Work instruction:
Only the lines below from the one that holds "uns Besöök un" through the one that holds "We’ll show your" should appear in the answer, copied exactly, end lines included and pictures omitted.

Data extract:
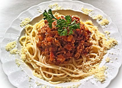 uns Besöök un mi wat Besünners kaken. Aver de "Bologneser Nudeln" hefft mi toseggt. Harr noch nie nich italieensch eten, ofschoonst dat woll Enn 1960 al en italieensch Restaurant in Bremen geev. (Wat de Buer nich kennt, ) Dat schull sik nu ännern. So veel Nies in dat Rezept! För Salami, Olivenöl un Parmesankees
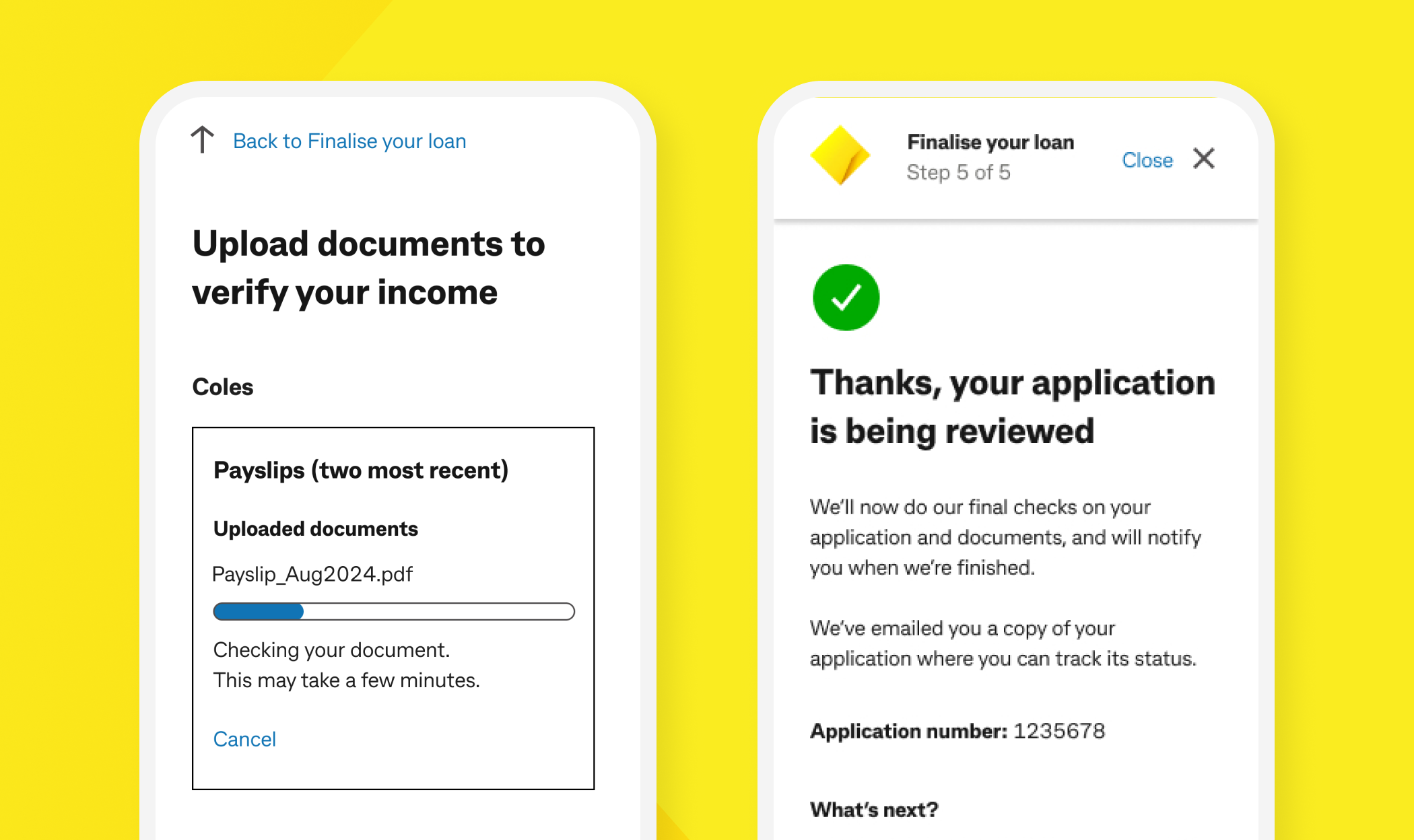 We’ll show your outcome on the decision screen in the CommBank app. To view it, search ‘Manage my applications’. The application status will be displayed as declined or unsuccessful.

--

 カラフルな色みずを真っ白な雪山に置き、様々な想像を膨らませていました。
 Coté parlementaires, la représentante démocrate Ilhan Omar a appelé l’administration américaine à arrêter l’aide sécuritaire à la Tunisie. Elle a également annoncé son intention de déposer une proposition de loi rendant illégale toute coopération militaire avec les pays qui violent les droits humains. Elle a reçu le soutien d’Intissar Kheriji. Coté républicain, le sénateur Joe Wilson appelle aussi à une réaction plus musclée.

...

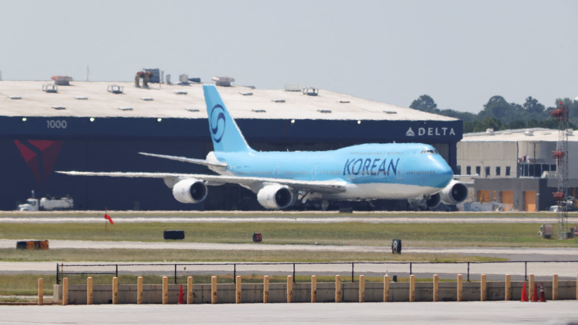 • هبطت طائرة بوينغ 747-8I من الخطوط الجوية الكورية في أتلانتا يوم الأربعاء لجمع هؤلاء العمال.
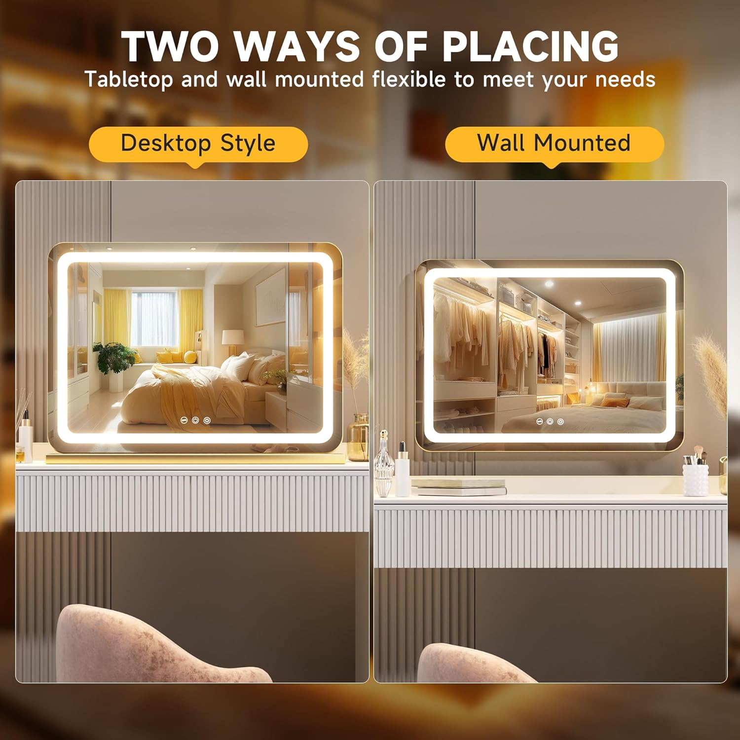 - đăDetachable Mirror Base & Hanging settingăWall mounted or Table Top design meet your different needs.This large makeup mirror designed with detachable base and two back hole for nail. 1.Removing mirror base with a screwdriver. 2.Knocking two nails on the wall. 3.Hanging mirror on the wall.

Output:
 uns Besöök un mi wat Besünners kaken. Aver de "Bologneser Nudeln" hefft mi toseggt. Harr noch nie nich italieensch eten, ofschoonst dat woll Enn 1960 al en italieensch Restaurant in Bremen geev. (Wat de Buer nich kennt, ) Dat schull sik nu ännern. So veel Nies in dat Rezept! För Salami, Olivenöl un Parmesankees
 We’ll show your outcome on the decision screen in the CommBank app. To view it, search ‘Manage my applications’. The application status will be displayed as declined or unsuccessful.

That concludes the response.